Gen. Lyon saw the strategic importance of the place, and did not propose to allow any concentration to be made there. He did not, as most Regular officers were prone, wait deliberately for wagons and rations and other supplies, but with a truer instinct of soldiership comprehended that his men could live wherever an enemy could, and leaving a small squad at Jefferson City, immediately started his column for Boonville, sending orders to other columns in Iowa and Kansas to converge toward that place.
Progress up the Missouri River was tedious, as the water was low, and the troops had to frequently disembark in order to allow the boats to go over the shoals. It was reported to Gen. Lyon that about 4,000 Confederates had already concentrated at Boonville.
While Gen. Price was the Commander-in-Chief, several prominent Secessionists were commanders upon the field of the whole or parts of the force. The man, however, who was the most in evidence in the fighting was John Sappington Marmaduke, a native Missourian, born in Saline County in 1833, and therefore 28 years old. He was the son of a farmer, had been at Yale and Harvard, and then graduated from West Point in 1857, standing 30 in a class of 38. He had been on frontier duty with the 7th U. S. until after the firing on Fort Sumter, when he resigned to return to Missouri and raise a regiment for the Southern Confederacy. He was to rise to the rank of Major-General in the Confederate army, achieve much fame for military ability, and be elected, in 1884, Governor of the State.
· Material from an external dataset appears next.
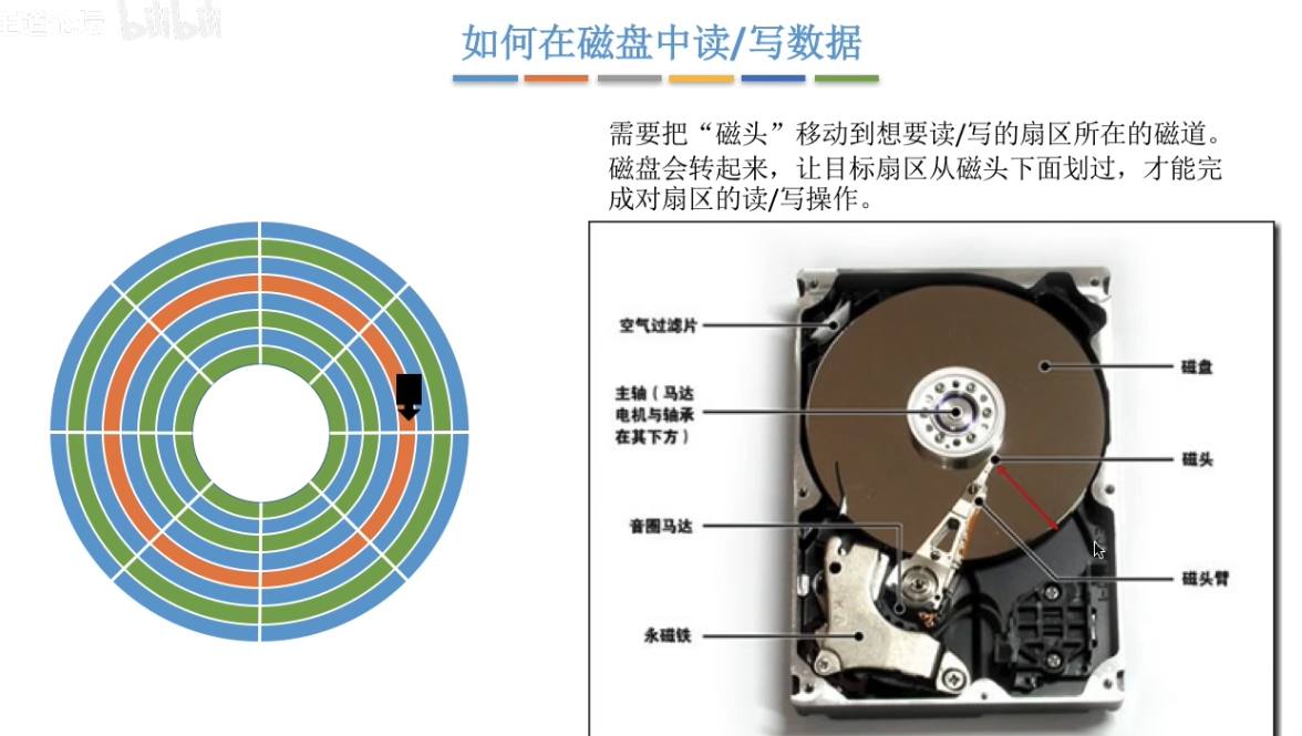 ③磁盘旋转的过程中,指定的扇区会从磁头下面划过,这样就完成了对指定扇区的读/写。

The column immediately under the command of Gen. Lyon consisted of Totten's Light Battery (F, 2d U. S. Art.); Co. B, 2d U. S.; two companies of Regular recruits; Col. Blair's Missouri regiment and nine companies of Boernstein's Missouri regiment; aggregating somewhere between 1,700 and 2,000 men. On the evening of Sunday, June 16, the boats carrying the command arrived within 15 miles of Boonville, and lay there during the night. The next morning they proceeded up to within about eight miles of the town, when all but one company of Blair's regiment and an artillery detachment disembarked and began a land march upon the enemy's position. The remaining company and the howitzer were sent on with the boats to give the impression that an attack was to be made from the river side.
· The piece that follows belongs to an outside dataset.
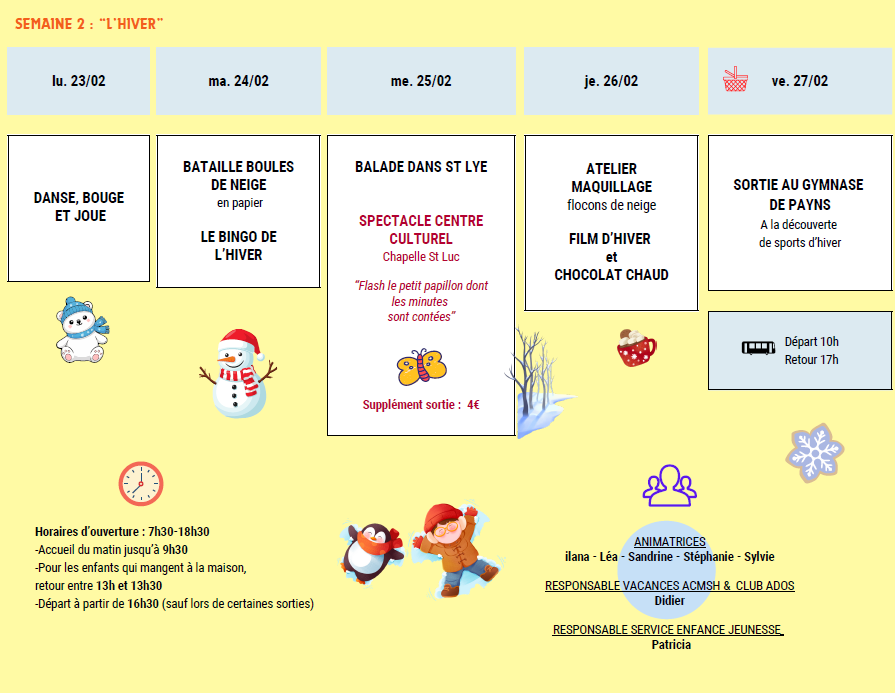 Voici les programmes vacances d’hiver 2025 ACM & CJA (du lundi 16 au vendredi 27 février 2026)

The people in the country reported to Gen. Lyon that the enemy was fully 4,000 strong, and intended an obstinate defense. He therefore moved forward cautiously, arriving at last at the foot of a gently undulating slope to a crest one mile distant, on which the enemy was stationed, with the ground quite favorable for them. Gen. Lyon formed a line of battle about 300 yards from the crest, with Totten's battery in the rear and nine companies of Boernstein's regiment on the right, under the command of Lieut.-Col. Schaeffer, and the Regulars and Col. Blair's regiment on the left. It was a momentous period, big with Missouri's future.
The engagement opened with Capt. Totten shelling the enemy's position and the well-drilled German infantry advancing with the Regulars, firing as they went. The question was now to be tried as to the value of the much-vaunted Missouri riflemen in conflict with the disciplined Germans. The former had been led to believe that they would repeat the achievements of their forefathers at New Orleans.
Under the lead of Col. Marmaduke, the Confederates stood their ground pluckily for a few minutes, but the steady advance of the Union troops, with the demoralizing effect of the shells, were too much for them. Col. Marmaduke attempted to make an orderly retreat, and at first seemed to succeed, but finally the movement degenerated into a rout, and the Confederates scattered in wild flight, led by their Governor, who, like James II. at the battle of the Boyne, had witnessed the skirmish from a neighboring eminence. The losses on each side were equal—two killed and some eight or nine wounded.